-------- DATA
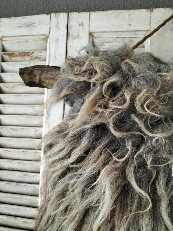 Hele mooie unieke wandhanger. Van natuurlijke schapenvacht. Het schaap loopt nog rond in de wei en de vacht gebruiken we om deze mooie wandhanger te maken. Het is een natuurlijk product dus is uniek!
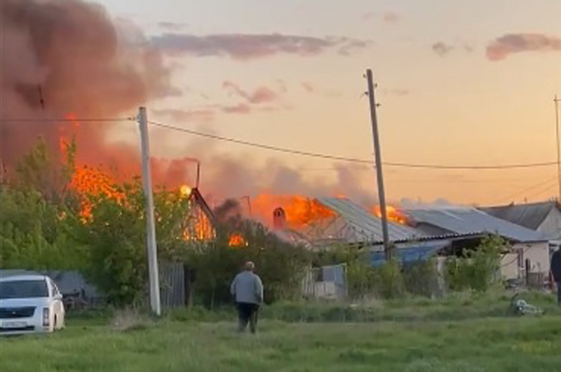Судя по видео, загорелись два соседних дома, причём столб пламени вырос до нескольких метров.
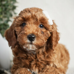 Hi, I'm Remi! I'm a 10-week-old female Goldendoodle. My dad is a Poodle and my mom is a Goldendoodle. I have a beautiful red coat, and I was born on January 13. I am ready now to plan my trip to my forever family. I can't wait to bring my wagging tail and loving heart to your home.
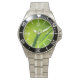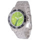 Has heft and feel of expensive stainless steel quartz watches. Good band with safety catch. I removed links, which is easy because engraved arrows show direction to push the linking pins. As always by this seller, the image (a railroad logo) is a perfect reproduction of my emailed image, and is precisely spaced and aligned.
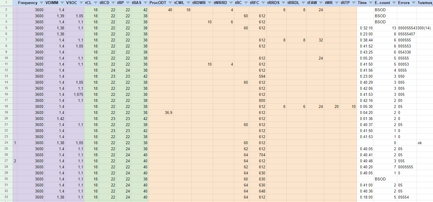 Здравствуйте! Кручу XPG Gammix D20, M16B, одноранк. Сейчас у меня стабильный конфиг по TM5 такой (1usmus_v3 + anta777@Extreme + anta777@Universal): 3600, 1.38v, 1.05 vSoC, 18-22-22-38, tRC=60, tRFC=612 Но стресс-тест AIDA падает при первом запуске на первых секундах (при повторных пока не падал). Мне это не нравится и я решил дальше крутить. Кучу конфигов уже прогнал. Гоняю пока в конфиге 1usmus_v3, потому что он быстро проходит и есть расшифровка ошибок, чтобы немного ориентироваться. Вот табличка. В ней 1 - это стабильный конфиг.
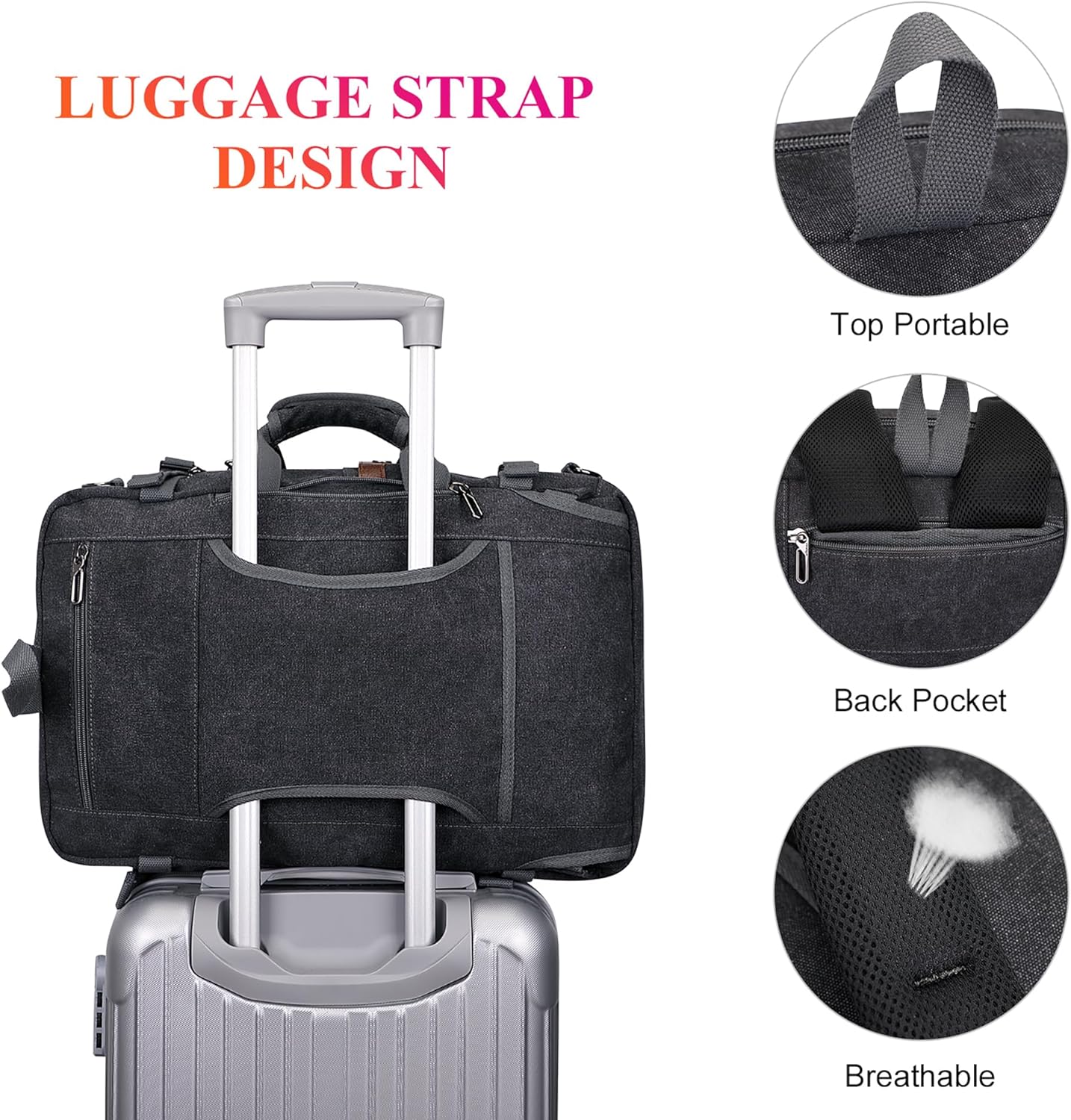 Multifunctional Backpack: You can easily convert this backpack into a Backpack ,Duffel Bag, Crossbody Bag, Tote Bag; This canvas rucksack come with a woven removable and adjustalbe duffel strap. The backpack straps can be hidden in the back strap pocket when you carry this bag as duffel bag,or crossbody bag or tote bag,or carry on backpack.
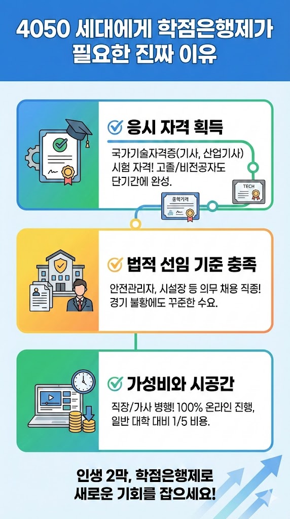 나이 40, 50에 학점은행제(학은제)를 고민하신다면, 이는 단순한 '학위 취득'이 아닌 '생존'과 '제2의 직업'을 위한 전략적 도구로 접근해야 합니다.
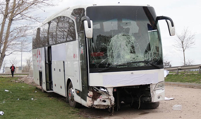 Yolcu otobüsü, beton blok ve bariyerlere çarptı: 17 yaralı
----------------
▶ _EXERCISE DETAILS_
Quote precisely the lines of the data from the line containing "나이 40, 50에 학점은행제(학은제)를" through its final line, both included, excluding pictures.

▶ _RESULT FOR THIS TASK_
 나이 40, 50에 학점은행제(학은제)를 고민하신다면, 이는 단순한 '학위 취득'이 아닌 '생존'과 '제2의 직업'을 위한 전략적 도구로 접근해야 합니다.
 Yolcu otobüsü, beton blok ve bariyerlere çarptı: 17 yaralı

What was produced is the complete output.